Here is your post also;

Posted: Sun Oct 28, 2007 2:27 pm Post subject: Saying no to chemo!

My mom was diagnosed with SCLC, limited, in August. She started chemo (cytplatin (sp?) and one that begins with E). Three days in a row, once a month. She had one round of chemo. Also started 6 weeks of radiation. It has only been two and a half weeks and the tumor is already shrunk by 50%.

She is really feeling the effects of chemo now. Hair is falling out in clumps. WBC down to a 2. Pain in every joint due to daily shots to boost wbc.

My question and my PROBLEM is HOW IS CHEMO HELPING when all it does is HURT??????????

This is only the beginning and it's looking pretty grim.

Why do chemo if it makes someone soooo sick and why do it if sooo many people end up with it spreading anyway????

I believe in a quality of life. She is doing fine with the radiation. Why do all this chemo.

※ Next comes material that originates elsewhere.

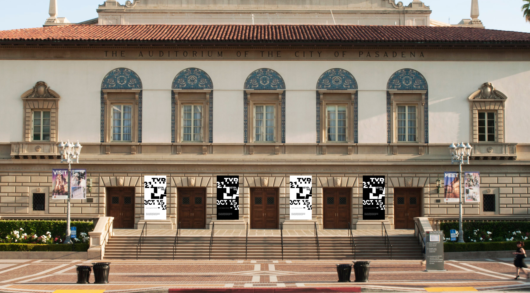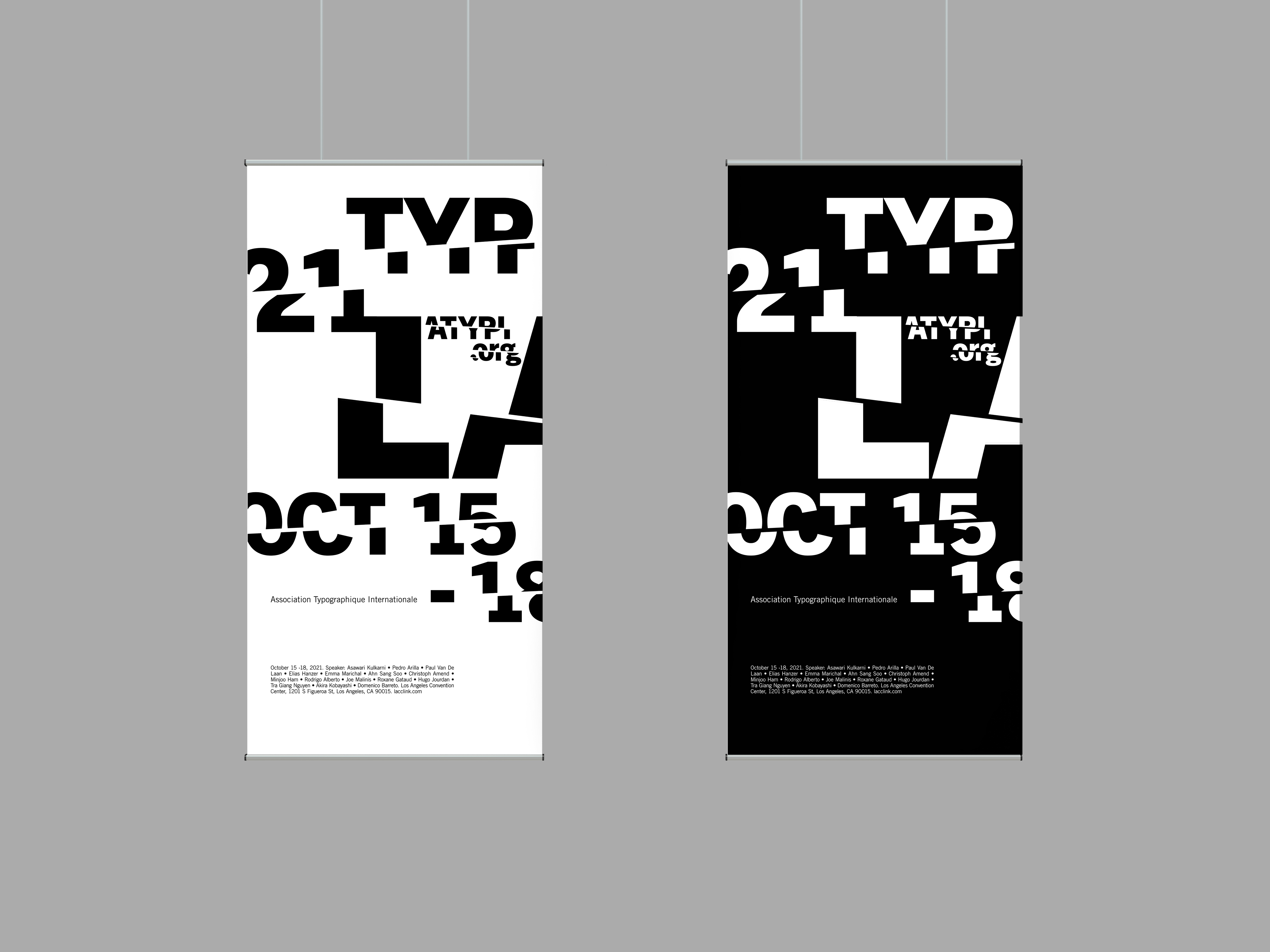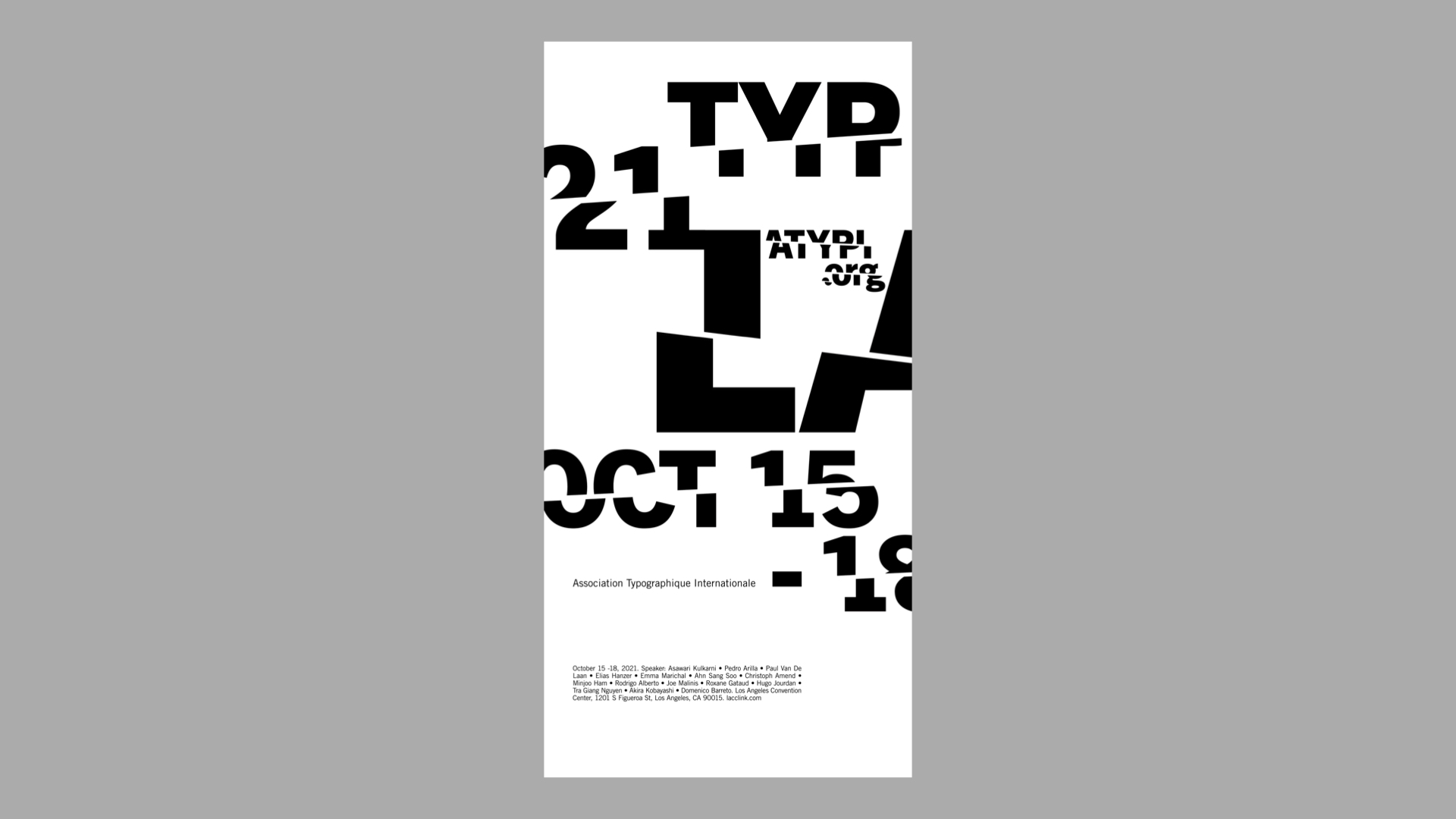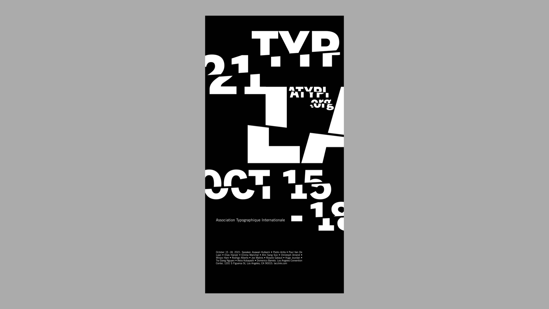 The typographic wordmark is created for a Typographic Conference hosted in Los Angeles featuring different graphic designers and typographers. The typographic conference identity will be used on the two black and white event posters, and other applications such as T-shirts, buttons, and tote bags.

Its my understanding that chemo is supposed to kill cancer cells (and every other cell) in order to stop it from spreading to other body parts, right??? But how can your body protect itself against such a nasty thing as cancer cells if it's constantly being poisoned with chemo? Isn't this a critical time, when boosting immunity, instead of killing it, makes the most sense? If the tumor is going away, that should be enough. Why practically kill yourself for 6 rounds to only find out the cancer spread anyway.

Is anyone questioning chemo? Is anyone trying alternative therapies? Does anyone ever survive cancer without chemo? I know that people still die from cancer even though they are being treated and being made so sick. Why is chemo just accepted and never questioned. Doesn't it seem backward?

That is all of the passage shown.